Pensamentos do (meu) mundo.

Fui. Sou. Serei...

Pensamentos do (meu) mundo.

17.Nov.18

Conhecimento

Começamos a conhecer assim que abrimos os olhos, e com o tempo a apercebermo-nos de que o 'Eu',  cá dentro, são vários 'Nós'.

É de cada um decidir quem saciar, quando o desejo tão humano de querer nos envolve e se espalha. É de cada um escolher se o fará para si, ou se o quer fazer para se mostrar. 

O que pensamos, também algo tão humano de se fazer, fazemo-lo com outros, mesmo que isolados. Quem escreve, lê e fala nunca está sozinho, pois já consigo encontram-se centenas se não milhares de anos de vida...

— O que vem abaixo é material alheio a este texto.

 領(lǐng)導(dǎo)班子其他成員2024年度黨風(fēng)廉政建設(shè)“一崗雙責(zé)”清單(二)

Todo e qualquer tipo de conhecimento, se não for ele cientifico ou matemático, não existe, ou será ele temporário... Pois conhecimento revela-nos o passado, o que fomos, o que quisemos, para utilizar isso no futuro... Mas o tempo muda.

O mundo, ainda mais nos dias de hoje, foge ao homem ao segundo, sendo que o real e acertado conhecimento será o de não conhecer nada. Tudo sendo novidade, o homem é sempre parte de onde está inserido. Se lhe vem à mente as memórias, as histórias, o passado, a antiguidade.... Então o homem perdeu-se do presente, pois sentirá a saudade de viver num mundo a que não pertence... 

16.Nov.18

Vazio

Já não sei mais o que me dizer. Já nem me recordo do que realmente disse, pois a mente fez esquecer. 

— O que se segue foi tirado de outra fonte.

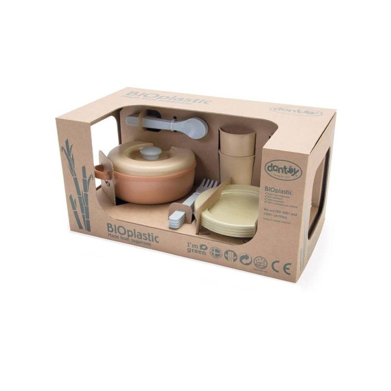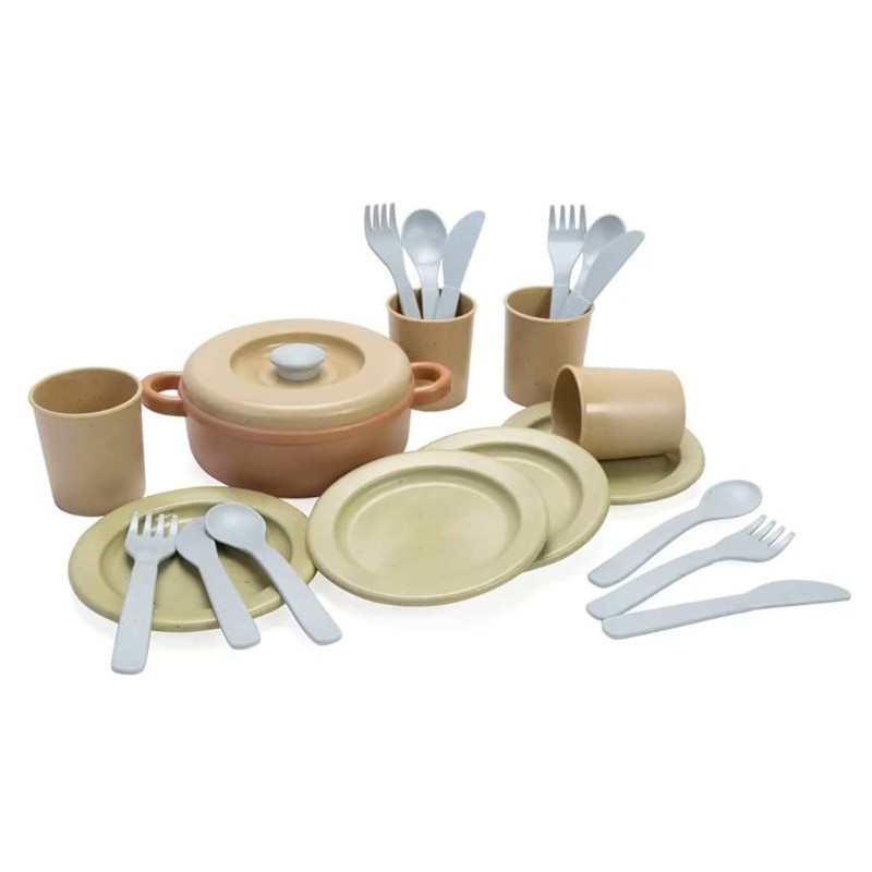 The 22-piece playset promotes interaction between children and adults through imaginative play. Includes 4 plastic plates, cups, spoons, knives, forks and 1 pot with lid.

Questionava-me acerca do ser, do querer e do fazer. De tudo isso deixei de querer saber...

Embriaguei-me num vazio e atravesso este limbo, acarretado pelas guias do meu saber, essas que perdi, fazendo-me vaguear onde nada reconheço. 

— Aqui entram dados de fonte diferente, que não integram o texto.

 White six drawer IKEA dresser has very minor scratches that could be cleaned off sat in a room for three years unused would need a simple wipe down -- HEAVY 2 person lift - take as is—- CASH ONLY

É estranho como tão atrativo se revela, como engodo na ponta de um anzol. Infelizmente vejo-me aprisionado, já ele me encantou e puxa forte... Porque quis eu isto? 

De todas as coisas cansei-me daquela que fazia-me eu... Agora? Não me conheço, nem sei o que conhecer... Tanto pedi, tanto nisso pensei que agora, quando o alcancei, esqueci-me do porquê de o querer... Já em nada penso, para quê ignorar agora o que não existe? Havia algo no pesar da mente que me fascinava, mas de tão pesado que se tornou que a deixei guardada e fechada, num qualquer baú que perdi, estando agora esse enterrado. 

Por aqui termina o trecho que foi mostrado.